Stored dataset items:

════════

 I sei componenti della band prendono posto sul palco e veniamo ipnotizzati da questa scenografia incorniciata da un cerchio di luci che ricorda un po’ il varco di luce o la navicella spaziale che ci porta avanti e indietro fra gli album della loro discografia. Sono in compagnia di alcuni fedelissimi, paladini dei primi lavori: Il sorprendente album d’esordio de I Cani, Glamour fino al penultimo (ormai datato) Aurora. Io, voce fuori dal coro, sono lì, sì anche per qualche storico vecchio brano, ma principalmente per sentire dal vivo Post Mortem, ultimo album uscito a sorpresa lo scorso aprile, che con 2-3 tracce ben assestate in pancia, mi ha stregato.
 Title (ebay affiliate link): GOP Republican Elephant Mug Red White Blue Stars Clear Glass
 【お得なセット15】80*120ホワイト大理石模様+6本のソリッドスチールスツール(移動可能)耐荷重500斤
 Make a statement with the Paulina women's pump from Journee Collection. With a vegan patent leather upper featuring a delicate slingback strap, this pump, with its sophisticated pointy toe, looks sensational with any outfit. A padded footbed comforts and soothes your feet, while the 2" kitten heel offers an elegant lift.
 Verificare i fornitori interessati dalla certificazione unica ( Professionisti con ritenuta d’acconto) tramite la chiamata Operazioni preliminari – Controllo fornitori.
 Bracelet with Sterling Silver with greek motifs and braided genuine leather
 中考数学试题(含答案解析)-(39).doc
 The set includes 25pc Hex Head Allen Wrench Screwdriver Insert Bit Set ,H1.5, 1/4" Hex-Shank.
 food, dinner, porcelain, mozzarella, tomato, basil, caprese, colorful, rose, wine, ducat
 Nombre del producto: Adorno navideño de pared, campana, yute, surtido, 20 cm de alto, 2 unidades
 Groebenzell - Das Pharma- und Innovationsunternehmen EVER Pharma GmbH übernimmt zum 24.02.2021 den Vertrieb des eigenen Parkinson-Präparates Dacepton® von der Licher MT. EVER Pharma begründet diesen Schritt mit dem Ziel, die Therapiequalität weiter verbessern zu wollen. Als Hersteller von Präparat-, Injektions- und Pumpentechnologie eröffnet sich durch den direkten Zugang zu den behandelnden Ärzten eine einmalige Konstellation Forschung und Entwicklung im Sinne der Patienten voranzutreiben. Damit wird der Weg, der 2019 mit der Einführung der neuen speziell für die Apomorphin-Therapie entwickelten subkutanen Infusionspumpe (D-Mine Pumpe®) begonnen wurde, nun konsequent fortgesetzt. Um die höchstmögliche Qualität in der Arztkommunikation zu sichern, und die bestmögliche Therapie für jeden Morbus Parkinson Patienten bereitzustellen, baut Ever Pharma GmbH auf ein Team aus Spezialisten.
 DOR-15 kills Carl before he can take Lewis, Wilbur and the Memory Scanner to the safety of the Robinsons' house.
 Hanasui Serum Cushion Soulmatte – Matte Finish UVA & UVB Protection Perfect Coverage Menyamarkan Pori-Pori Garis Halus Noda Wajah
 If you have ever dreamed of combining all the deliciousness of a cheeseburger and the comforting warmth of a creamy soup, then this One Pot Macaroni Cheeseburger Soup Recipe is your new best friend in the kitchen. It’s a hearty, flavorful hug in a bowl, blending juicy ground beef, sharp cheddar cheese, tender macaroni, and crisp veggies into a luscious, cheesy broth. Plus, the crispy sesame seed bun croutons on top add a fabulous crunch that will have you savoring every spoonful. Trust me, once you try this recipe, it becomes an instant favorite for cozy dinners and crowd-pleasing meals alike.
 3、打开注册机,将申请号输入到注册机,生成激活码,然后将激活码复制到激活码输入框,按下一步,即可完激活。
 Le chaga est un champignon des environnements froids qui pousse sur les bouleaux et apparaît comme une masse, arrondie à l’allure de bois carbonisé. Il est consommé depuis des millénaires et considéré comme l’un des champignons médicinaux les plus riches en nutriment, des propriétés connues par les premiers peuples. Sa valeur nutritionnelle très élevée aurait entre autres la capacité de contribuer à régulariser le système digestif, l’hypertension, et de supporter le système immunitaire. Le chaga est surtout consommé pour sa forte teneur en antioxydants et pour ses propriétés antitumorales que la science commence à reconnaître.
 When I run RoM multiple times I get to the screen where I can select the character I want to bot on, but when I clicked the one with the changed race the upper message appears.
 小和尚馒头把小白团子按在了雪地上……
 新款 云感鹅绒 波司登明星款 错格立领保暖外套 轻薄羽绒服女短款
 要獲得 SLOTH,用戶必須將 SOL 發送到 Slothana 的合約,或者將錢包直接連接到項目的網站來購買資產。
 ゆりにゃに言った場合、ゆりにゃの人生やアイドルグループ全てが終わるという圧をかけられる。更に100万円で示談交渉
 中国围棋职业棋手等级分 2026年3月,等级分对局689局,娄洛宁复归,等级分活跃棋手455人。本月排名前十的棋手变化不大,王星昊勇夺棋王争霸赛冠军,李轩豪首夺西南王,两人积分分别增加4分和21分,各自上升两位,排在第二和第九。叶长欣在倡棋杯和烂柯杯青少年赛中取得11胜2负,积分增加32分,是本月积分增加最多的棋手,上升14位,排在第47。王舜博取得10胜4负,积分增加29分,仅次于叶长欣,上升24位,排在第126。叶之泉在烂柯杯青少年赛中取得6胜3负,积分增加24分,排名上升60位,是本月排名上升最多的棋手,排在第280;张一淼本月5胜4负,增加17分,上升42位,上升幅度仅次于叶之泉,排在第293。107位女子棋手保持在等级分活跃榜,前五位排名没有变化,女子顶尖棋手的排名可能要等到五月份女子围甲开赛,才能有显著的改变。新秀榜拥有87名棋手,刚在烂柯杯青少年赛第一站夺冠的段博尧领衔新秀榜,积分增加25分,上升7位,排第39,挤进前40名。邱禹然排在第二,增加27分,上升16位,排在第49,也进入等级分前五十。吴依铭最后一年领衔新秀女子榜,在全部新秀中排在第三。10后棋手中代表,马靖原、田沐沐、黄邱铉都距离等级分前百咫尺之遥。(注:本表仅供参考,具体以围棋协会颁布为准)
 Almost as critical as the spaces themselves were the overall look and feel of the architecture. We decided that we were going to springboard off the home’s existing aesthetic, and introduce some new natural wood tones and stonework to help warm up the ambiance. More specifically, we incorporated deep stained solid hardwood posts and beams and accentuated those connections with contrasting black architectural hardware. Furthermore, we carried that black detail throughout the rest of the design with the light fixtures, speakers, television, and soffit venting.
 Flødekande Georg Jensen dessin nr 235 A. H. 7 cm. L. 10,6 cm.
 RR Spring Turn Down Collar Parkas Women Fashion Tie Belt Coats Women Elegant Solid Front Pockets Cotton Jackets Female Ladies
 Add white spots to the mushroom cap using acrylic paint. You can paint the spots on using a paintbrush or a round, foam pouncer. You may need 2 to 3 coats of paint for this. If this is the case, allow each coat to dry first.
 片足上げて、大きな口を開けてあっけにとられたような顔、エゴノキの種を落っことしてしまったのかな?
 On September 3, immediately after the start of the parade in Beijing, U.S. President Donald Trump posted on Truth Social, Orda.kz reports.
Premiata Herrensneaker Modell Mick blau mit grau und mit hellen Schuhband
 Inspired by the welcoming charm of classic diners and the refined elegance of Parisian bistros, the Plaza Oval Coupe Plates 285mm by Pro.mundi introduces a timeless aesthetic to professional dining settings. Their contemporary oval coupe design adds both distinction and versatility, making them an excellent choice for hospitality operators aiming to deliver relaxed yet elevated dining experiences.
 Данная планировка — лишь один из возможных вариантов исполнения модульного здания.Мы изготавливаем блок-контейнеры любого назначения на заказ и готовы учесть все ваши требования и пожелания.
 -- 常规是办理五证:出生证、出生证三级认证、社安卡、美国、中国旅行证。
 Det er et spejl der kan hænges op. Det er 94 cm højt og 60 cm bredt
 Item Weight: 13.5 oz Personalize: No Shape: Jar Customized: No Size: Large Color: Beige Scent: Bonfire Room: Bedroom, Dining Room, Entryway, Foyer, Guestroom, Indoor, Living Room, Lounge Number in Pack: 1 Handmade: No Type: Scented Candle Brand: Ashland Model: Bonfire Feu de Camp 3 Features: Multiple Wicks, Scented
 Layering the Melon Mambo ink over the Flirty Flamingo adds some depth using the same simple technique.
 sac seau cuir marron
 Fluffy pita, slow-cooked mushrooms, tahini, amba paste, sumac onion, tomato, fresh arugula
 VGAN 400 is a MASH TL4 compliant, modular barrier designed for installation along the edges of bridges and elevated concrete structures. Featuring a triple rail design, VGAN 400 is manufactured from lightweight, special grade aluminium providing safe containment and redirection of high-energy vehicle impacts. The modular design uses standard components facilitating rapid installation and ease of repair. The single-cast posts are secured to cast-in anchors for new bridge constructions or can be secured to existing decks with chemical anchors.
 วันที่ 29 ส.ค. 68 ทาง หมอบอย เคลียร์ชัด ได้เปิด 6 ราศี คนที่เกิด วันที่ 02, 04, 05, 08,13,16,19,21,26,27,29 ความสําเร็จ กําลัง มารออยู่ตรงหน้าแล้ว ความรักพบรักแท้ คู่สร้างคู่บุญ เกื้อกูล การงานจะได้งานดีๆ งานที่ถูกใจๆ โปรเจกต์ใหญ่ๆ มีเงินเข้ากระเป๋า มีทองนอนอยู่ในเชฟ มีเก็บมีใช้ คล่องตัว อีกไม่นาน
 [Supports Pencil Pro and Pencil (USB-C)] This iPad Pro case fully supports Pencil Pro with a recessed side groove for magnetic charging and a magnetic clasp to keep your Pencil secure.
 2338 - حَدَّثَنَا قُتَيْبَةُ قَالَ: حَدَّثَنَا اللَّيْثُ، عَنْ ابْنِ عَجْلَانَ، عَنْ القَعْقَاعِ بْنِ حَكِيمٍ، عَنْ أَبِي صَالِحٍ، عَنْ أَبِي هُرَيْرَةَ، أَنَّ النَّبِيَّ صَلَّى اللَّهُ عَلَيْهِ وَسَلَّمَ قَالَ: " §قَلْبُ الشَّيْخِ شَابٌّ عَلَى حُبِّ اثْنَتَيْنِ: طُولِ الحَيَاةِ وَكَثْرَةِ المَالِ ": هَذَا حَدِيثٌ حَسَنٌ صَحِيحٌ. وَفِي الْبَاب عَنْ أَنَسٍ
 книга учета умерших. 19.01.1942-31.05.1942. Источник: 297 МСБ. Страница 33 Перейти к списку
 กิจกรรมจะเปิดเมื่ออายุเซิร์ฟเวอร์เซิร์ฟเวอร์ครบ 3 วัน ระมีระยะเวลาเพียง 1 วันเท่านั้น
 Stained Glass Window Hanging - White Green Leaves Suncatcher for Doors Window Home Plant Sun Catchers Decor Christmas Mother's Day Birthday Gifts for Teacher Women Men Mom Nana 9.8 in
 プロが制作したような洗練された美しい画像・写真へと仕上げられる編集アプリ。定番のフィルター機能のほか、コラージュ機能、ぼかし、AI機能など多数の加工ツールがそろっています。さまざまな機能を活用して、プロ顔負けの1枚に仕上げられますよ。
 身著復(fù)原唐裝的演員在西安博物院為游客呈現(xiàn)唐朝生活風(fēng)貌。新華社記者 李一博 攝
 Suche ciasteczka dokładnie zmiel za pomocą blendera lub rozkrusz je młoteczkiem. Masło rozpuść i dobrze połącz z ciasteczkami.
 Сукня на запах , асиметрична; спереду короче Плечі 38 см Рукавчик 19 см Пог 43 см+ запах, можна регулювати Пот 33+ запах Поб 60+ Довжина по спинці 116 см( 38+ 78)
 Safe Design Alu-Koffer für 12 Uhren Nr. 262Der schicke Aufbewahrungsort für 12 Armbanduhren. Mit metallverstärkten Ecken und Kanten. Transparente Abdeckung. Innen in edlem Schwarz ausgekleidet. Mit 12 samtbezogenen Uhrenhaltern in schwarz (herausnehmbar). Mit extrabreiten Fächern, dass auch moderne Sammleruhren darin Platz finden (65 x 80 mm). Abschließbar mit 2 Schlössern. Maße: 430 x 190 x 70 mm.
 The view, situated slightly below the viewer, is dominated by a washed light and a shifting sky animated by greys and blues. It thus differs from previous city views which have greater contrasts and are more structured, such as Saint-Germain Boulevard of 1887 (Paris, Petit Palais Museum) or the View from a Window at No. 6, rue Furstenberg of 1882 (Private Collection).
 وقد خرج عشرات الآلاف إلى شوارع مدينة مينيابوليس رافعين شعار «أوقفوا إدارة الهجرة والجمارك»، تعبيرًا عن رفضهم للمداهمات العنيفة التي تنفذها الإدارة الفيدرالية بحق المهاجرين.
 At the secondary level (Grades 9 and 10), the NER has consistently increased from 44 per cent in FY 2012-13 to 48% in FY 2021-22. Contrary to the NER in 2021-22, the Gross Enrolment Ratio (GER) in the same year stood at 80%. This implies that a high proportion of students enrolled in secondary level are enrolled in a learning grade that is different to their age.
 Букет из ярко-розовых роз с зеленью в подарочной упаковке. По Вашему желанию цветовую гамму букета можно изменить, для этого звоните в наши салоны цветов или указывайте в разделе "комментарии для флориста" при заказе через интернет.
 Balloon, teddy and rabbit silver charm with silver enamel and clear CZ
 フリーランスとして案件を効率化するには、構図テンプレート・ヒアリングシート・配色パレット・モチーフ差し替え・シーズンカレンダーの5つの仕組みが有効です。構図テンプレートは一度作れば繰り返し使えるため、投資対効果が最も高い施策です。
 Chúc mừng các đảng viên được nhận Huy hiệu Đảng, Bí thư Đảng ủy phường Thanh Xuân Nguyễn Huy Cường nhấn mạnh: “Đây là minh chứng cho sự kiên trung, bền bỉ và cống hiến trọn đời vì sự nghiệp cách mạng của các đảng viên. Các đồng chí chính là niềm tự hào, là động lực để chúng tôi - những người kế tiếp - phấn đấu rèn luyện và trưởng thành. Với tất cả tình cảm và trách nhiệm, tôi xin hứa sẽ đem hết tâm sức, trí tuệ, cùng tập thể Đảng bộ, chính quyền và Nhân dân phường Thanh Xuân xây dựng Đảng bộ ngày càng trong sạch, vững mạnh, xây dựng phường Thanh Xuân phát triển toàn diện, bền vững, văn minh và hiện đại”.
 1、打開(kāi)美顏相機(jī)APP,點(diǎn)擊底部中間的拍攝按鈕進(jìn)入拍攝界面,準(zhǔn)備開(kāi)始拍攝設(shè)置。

════════

** ACTIVITY **
Look above for the line with "Safe Design Alu-Koffer" and the line with "フリーランスとして案件を効率". Retype those two lines and every line between them exactly, adding nothing.

** RESULT OF THE EXERCISE **
 Safe Design Alu-Koffer für 12 Uhren Nr. 262Der schicke Aufbewahrungsort für 12 Armbanduhren. Mit metallverstärkten Ecken und Kanten. Transparente Abdeckung. Innen in edlem Schwarz ausgekleidet. Mit 12 samtbezogenen Uhrenhaltern in schwarz (herausnehmbar). Mit extrabreiten Fächern, dass auch moderne Sammleruhren darin Platz finden (65 x 80 mm). Abschließbar mit 2 Schlössern. Maße: 430 x 190 x 70 mm.
 The view, situated slightly below the viewer, is dominated by a washed light and a shifting sky animated by greys and blues. It thus differs from previous city views which have greater contrasts and are more structured, such as Saint-Germain Boulevard of 1887 (Paris, Petit Palais Museum) or the View from a Window at No. 6, rue Furstenberg of 1882 (Private Collection).
 وقد خرج عشرات الآلاف إلى شوارع مدينة مينيابوليس رافعين شعار «أوقفوا إدارة الهجرة والجمارك»، تعبيرًا عن رفضهم للمداهمات العنيفة التي تنفذها الإدارة الفيدرالية بحق المهاجرين.
 At the secondary level (Grades 9 and 10), the NER has consistently increased from 44 per cent in FY 2012-13 to 48% in FY 2021-22. Contrary to the NER in 2021-22, the Gross Enrolment Ratio (GER) in the same year stood at 80%. This implies that a high proportion of students enrolled in secondary level are enrolled in a learning grade that is different to their age.
 Букет из ярко-розовых роз с зеленью в подарочной упаковке. По Вашему желанию цветовую гамму букета можно изменить, для этого звоните в наши салоны цветов или указывайте в разделе "комментарии для флориста" при заказе через интернет.
 Balloon, teddy and rabbit silver charm with silver enamel and clear CZ
 フリーランスとして案件を効率化するには、構図テンプレート・ヒアリングシート・配色パレット・モチーフ差し替え・シーズンカレンダーの5つの仕組みが有効です。構図テンプレートは一度作れば繰り返し使えるため、投資対効果が最も高い施策です。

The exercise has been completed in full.